» Instructions to follow: Once the line containing "Розкльошені штани з" is found in the data below, repeat it and every later line exactly, leaving the pictures out.

» Data:
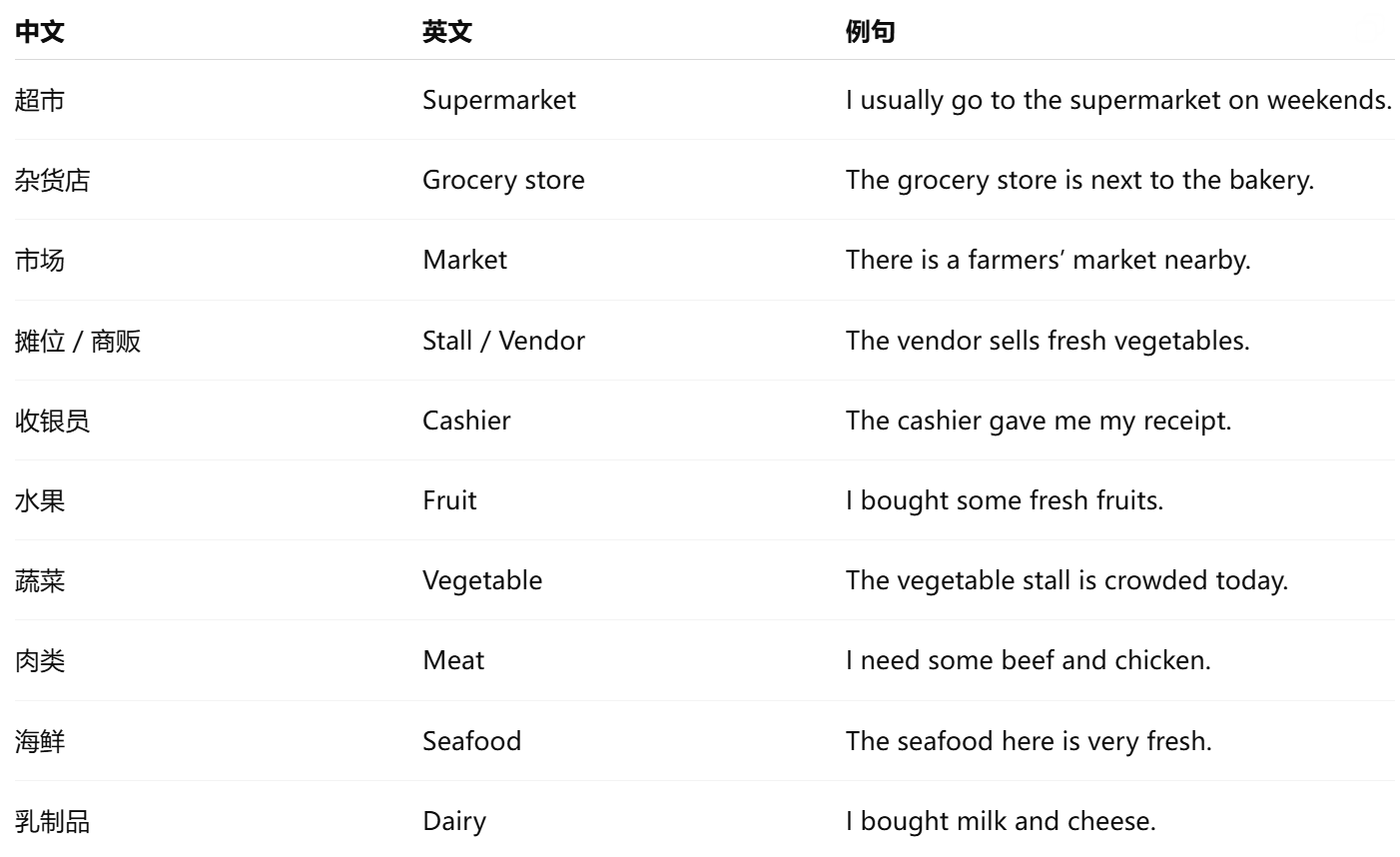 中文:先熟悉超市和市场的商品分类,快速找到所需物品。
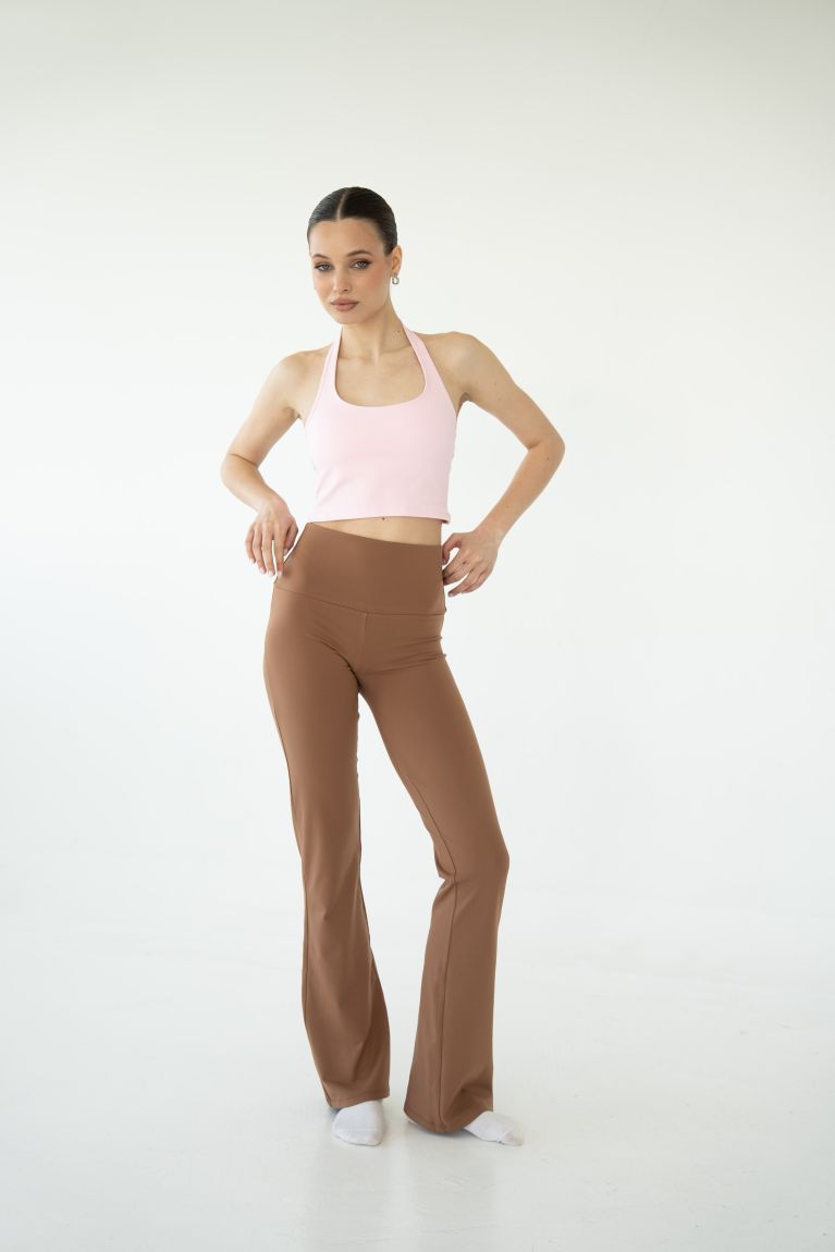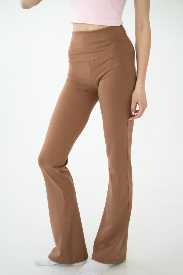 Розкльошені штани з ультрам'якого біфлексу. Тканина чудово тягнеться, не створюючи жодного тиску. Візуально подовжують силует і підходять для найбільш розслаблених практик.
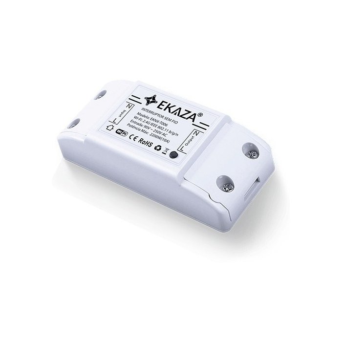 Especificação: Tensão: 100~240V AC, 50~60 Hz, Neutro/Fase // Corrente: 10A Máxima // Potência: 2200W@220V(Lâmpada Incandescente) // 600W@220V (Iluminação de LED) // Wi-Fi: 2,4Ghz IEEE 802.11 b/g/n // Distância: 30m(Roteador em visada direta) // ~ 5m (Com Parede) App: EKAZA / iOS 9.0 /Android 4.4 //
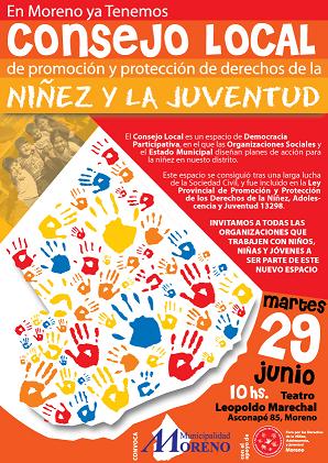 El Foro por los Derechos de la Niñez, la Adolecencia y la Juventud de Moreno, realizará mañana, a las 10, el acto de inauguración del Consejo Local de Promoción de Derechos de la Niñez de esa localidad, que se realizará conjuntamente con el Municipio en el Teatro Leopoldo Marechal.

» Answer to the exercise:
 Розкльошені штани з ультрам'якого біфлексу. Тканина чудово тягнеться, не створюючи жодного тиску. Візуально подовжують силует і підходять для найбільш розслаблених практик.
 Especificação: Tensão: 100~240V AC, 50~60 Hz, Neutro/Fase // Corrente: 10A Máxima // Potência: 2200W@220V(Lâmpada Incandescente) // 600W@220V (Iluminação de LED) // Wi-Fi: 2,4Ghz IEEE 802.11 b/g/n // Distância: 30m(Roteador em visada direta) // ~ 5m (Com Parede) App: EKAZA / iOS 9.0 /Android 4.4 //
 El Foro por los Derechos de la Niñez, la Adolecencia y la Juventud de Moreno, realizará mañana, a las 10, el acto de inauguración del Consejo Local de Promoción de Derechos de la Niñez de esa localidad, que se realizará conjuntamente con el Municipio en el Teatro Leopoldo Marechal.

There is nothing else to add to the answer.